AI Engineer (Vision) - Enterprise

San Francisco & Palo Alto, CA

Apply now Apply later

About xAI

xAI’s mission is to create AI systems that can accurately understand the universe and aid humanity in its pursuit of knowledge.

Our team is small, highly motivated, and focused on engineering excellence. This organization is for individuals who appreciate challenging themselves and thrive on curiosity.

We operate with a flat organizational structure. All employees are expected to be hands-on and to contribute directly to the company’s mission. Leadership is given to those who show initiative and consistently deliver excellence. Work ethic and strong prioritization skills are important.

All engineers and researchers are expected to have strong communication skills. They should be able to concisely and accurately share knowledge with their teammates.

About the Role

You will work directly with our enterprise customers, owning the strategy and execution of Vision or Video Understanding integrations. You’ll act as a specialized AI startup CTO, focusing on vision-driven technologies, leading high-stakes projects, and delivering measurable impact.

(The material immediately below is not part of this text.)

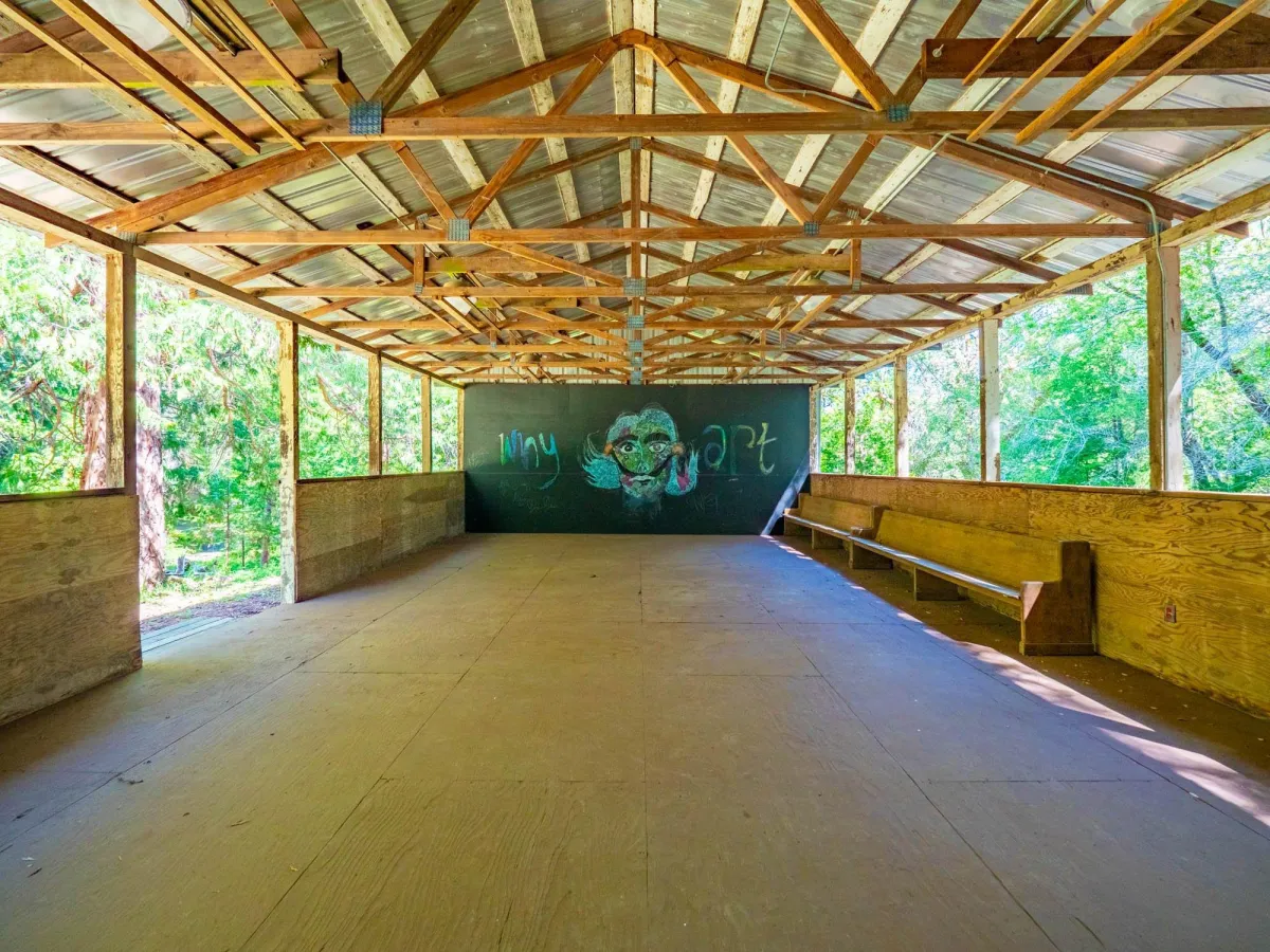 The Amphitheater is a unique gathering space featuring a stage and fire pit, ideal for performances, music, storytelling, or simply gathering around the fire to connect with others. This open-air space is perfect for entertainment, group activities, and celebrating under the stars.

If you excel at combining deep technical expertise with customer-focused innovation, particularly in the Vision domain, we’d love to hear from you. Your day-to-day work may include:

  • Designing and building end-to-end AI solutions, from understanding customer pain points to scoping product specs and deploying VLM-powered vision interfaces.
  • Benchmarking vision models, writing evaluations, or analyzing performance to identify weaknesses in image recognition, object detection, or visual understanding.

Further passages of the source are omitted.